Meaning: In contrast to SVM, FMs use decomposition parameters to model all interactions between variables. As a result, they are able to predict the interactions between variables even inproblems with huge sparsity (e.g., recommender systems), a domain where SVM fails. In other words, FM employs a technique that is able to find the interactions of variables in sparseproblems. One problem with logistic regression is that it is difficult to learn the weights of sparsecombinatorial features. Let's first look at why logistic regression is unable to learn the weights of sparse combinatorial features from a modeling perspective. Suppose the single combined feature of logistic regression is,which represents that the user is female and likes to get up at 12 o'clock in the middle of the night to eat fish. This feature is very sparse when you think about it, very few users have such odd habits, and we want to learn the weights of this feature. Let's think about the weight update formula for logistic regression,
\theta_j := \theta_j - \alpha
\sum_{i=1}^{m}(h_\theta(x^{(i)}) - y^{(i)}))*x_{j}^{(i)}
You can take a look at the last item,$x_j^{(i)}$,if most of this item is 0, then the gradient descent of is very small in each step, and there is no way to get the weights. FM solves this problem for logistic regression, especially in recommendation & advertisement scenarios, where sparse features are very.

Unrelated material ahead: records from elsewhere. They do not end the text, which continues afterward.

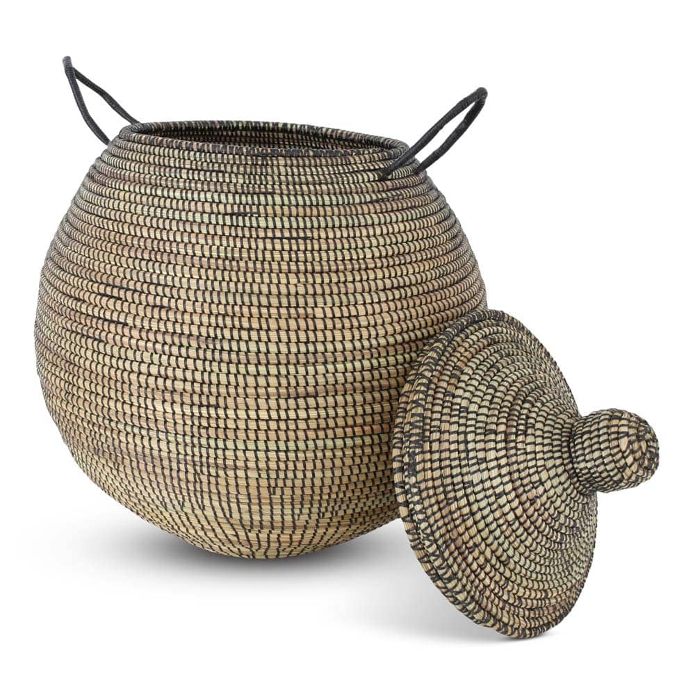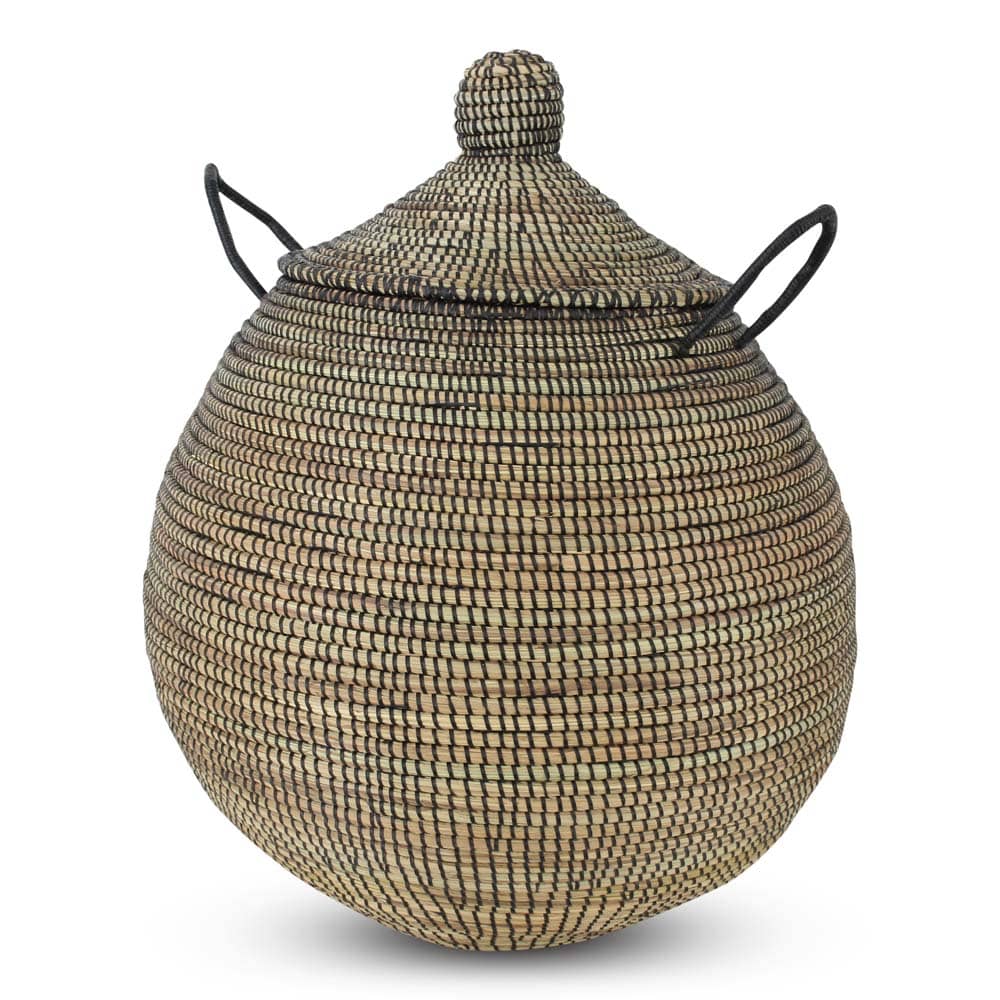Safaary - Rieten Mand met Deksel van Zeegras Zwart Tajine - 54x54 CM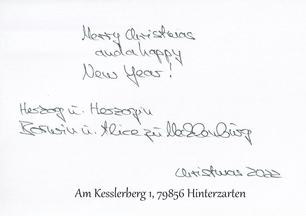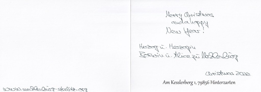 Royal response from Their Highnesses The Duke and Duchess of Mecklenburg on the occasion of Christmas 2022 and the New Year 2023.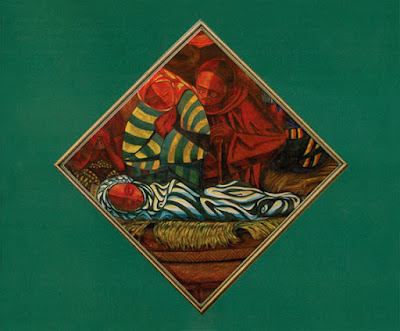 The 2015 Archdiocese of Chicago Christmas card is from a mural at the Holy Angels Church on the South Side of Chicago. Holy Angels has long been a center of black political activism, perhaps becoming most prominent under the leadership of Rev. George Clements. In the early 1990's Clements commissioned Fr. Englebert Mveng, a well-known Jesuit priest from Cameroon, to paint the mural, which contains various scenes from the Old and New Testaments featuring African-looking characters.

The improvement of FM is to say that the weight of the combination of features becomes the dot product of two groups and feature v-vectors, instead of directly calculating the group and the weight, which solves the problem of training, because even if the group and the features do not
appear, but the two features have appeared separately, and the group and the features can also get the weight. As an example, for example, the user is female and likes to eat fish at 12 midnight, this group and feature is rarely seen, but split, the user is female and the user likes to eat fish at 12
midnight, the probability of these two features appearing separately is quite a bit larger than the group and appear, we multiply the v-vector of the user being female and the v-vector of the user liking to eat fish at 12 o'clock by a dot to get the weights of the combined features. Let's look at what else the original FM paper said.

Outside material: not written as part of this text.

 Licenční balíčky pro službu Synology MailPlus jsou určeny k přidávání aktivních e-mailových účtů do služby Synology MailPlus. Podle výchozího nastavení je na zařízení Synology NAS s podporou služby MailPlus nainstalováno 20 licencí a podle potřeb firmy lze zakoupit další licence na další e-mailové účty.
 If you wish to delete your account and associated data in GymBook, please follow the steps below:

In sparse settings, there is usually not enough data to estimate interactions between variables directly and independently. Factorization machines can estimate interactions even in these settings well because they break the independence of the interaction parameters by factorizing them. In general this means that the data for one interaction helps also to estimatethe parameters for related interactions. We will make the idea more clear with an example from the data in figure 1. Assume we want to estimate the interaction between Alice (A) and Star Trek (ST) for predicting the target y (here the rating).Obviously, there is no case x in the training data where both variables xA and xST are non-zero and thus a direct estimate would lead to no interaction (wA,ST = 0). But with the factorized interaction parameters⟨vA,vST⟩ we can estimate the interaction even in this case. First of all, Bob and Charlie will have similar factor vectors vB and vC because both have similar interactions with Star Wars (vSW) for predicting ratings – i.e. ⟨vB,vSW⟩ and ⟨vC,vSW⟩ have to be similar. Alice (vA) will have a different factor vector from Charlie (vC) because she has different interactions with the factors of Titanic and Star Wars for predicting ratings. Next, the factor vectors of Star Trek are likely to be similar to the one of Star Wars because Bob has similar interactions for both movies for predicting y. In total, this means that the dot product (i.e. the interaction) of the factor vectors of Alice and Star Trek will be similar to the one of Alice and Star Wars – which also makes intuitively sense.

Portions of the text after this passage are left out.